The civil settlement agreement between The Opportunity Alliance and the United States and the State of Maine resolves allegations that The Opportunity Alliance caused false claims to be submitted to Medicare and MaineCare (Maine’s Medicaid program) from July 2018 through June 2021. MaineCare is funded primarily by the federal government, which pays approximately two-thirds of all reimbursed claims.
On May 22, 2025, the United States and Maine (“Plaintiffs”) filed a civil complaint against The Opportunity Alliance in the U.S. District Court in Portland. As alleged in the complaint, The Opportunity Alliance operates Morrison Place, a residential treatment program for homeless individuals who have a major mental illness and/or a substance use disorder. Between July 2018 and June 2021, The Opportunity Alliance sent misleading urine drug requisition forms to Morrison Place clients’ medical providers, and then used these forms in directing a third-party urine drug testing lab (“Laboratory A”) to perform an excessive number of presumptive and definitive drug tests on certain Morrison Place clients. Individual test orders were treated as “standing orders,” according to which three presumptive and definitive drug tests would be ordered each week, without exception and without regard for the client’s individualized treatment needs, for up to a full year. Under an agreement between The Opportunity Alliance and Laboratory A, Laboratory A would bill MaineCare and Medicare directly for any urine drug tests performed on Morrison Place clients; Laboratory A would not bill Morrison Place for any urine drug testing-related service. Such tests were not individually approved as medically necessary, were performed without a valid order from a medical provider, and were used by The Opportunity Alliance as a means of performing residential monitoring in violation of relevant MaineCare rules.
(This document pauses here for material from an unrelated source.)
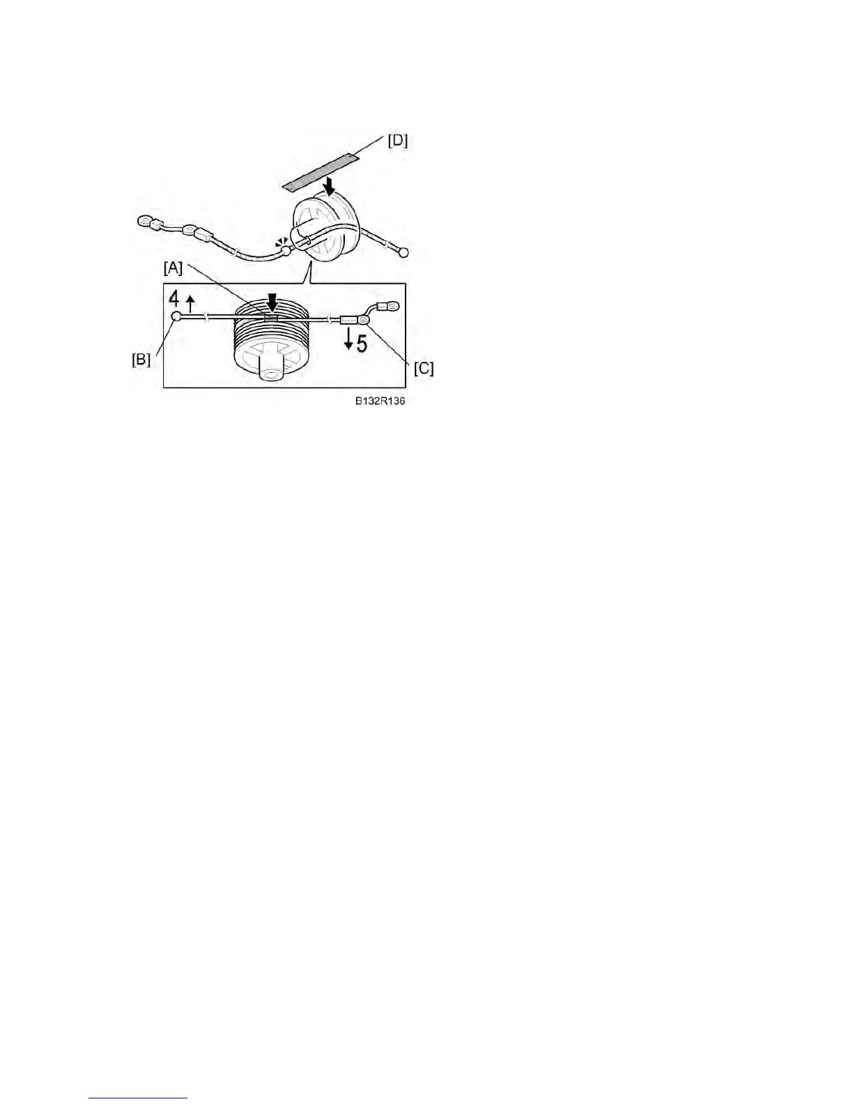 4. Attach tape [D] across the pulley to temporarily hold the wires in place.

The United States brought the complaint under the FCA, as well as Maine’s false claims statute. The FCA provides that any person who “knowingly presents, or causes to be presented, a false or fraudulent claim for payment or approval” or “knowingly makes, uses, or causes to be made or used, a false record or statement material to a false or fraudulent claim” is liable to the United States for three times the amount of damages which the United States sustains, plus a civil penalty for each FCA violation. As alleged in the complaint, by sending the misleading requisition forms to clients’ medical providers, and then using these forms in directing Laboratory A to perform a grossly excessive number of presumptive and definitive drug tests, The Opportunity Alliance knowingly caused Laboratory A to submit false or fraudulent claims for payment or approval in violation of the FCA.
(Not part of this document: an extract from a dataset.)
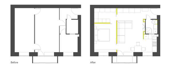 | Перепланировка | Стены внутри маленького помещения, делают его еще более небольшим, режут его. Поэтому, если они не несущие, лучше разобрать. |
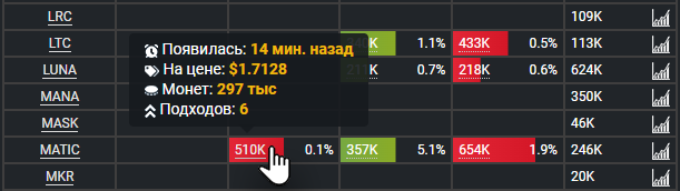 При наведении курсора мыши на Тикер токена, Вы получите подробную информацию по монете на бирже Binance.

The Opportunity Alliance cooperated with the investigation. Federal authorities encourage health care providers to cooperate with investigations involving the possible submission of false claims to federal programs. The claims resolved by the settlement are allegations only and there has been no determination of liability.
The U.S. Department of Health & Human Services, Office of Inspector General; the U.S. Attorney’s Office for the District of Maine; and the Office of the Maine Attorney General investigated the case. The civil action is docketed United States & State of Maine v. The Opportunity Alliance, 2:25-cv-00266-JCN (D. Me.).